Prove that for any finite group $G$ there exists a sequence of nested subgroups of $G$, $\{e\}=N_0\leq N_1\leq \cdots \leq N_n=G$ such that for each integer $i$ with $1\leq i\leq n$ we have $N_{i-1}\trianglelefteq N_i$ and the quotient group $N_i/N_{i-1}$ is simple.
My idea is to try induction on $|G|$. But I am having a hard time putting this into practice...

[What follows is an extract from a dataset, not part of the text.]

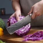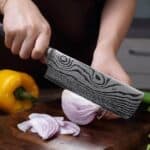 Met zijn prachtige ingelaserde damascus patroon op hoogwaardig carbonstaal en scherpe snede, is dit N6 Nakiri Mes niet alleen een functioneel keukeninstrument, maar ook een kunstwerk op zich. Perfect voor zowel professionele koks als enthousiaste thuiskoks die hun kookkunsten naar een hoger niveau willen tillen.

Evidently, $G/N$ is simple and nontrivial if and only if $N$ is a maximal proper normal subgroup. If $G\ne\{e\}$, the set of proper normal subgroups $G$ is ordered inductively by $\subseteq$, therefore it has maximal elements. If the group $G$ is finite, a recursively defined sequence $M_0\trianglerighteq M_1\trianglerighteq \ldots$ where each $M_i$ is a maximal proper normal subgroup of $M_{i-1}$ must terminate (say, with $M_k=\{e\}$), because their cardinalities are strictly decreasing. $N_i=M_{k-i}$ is a sequence such as those you want.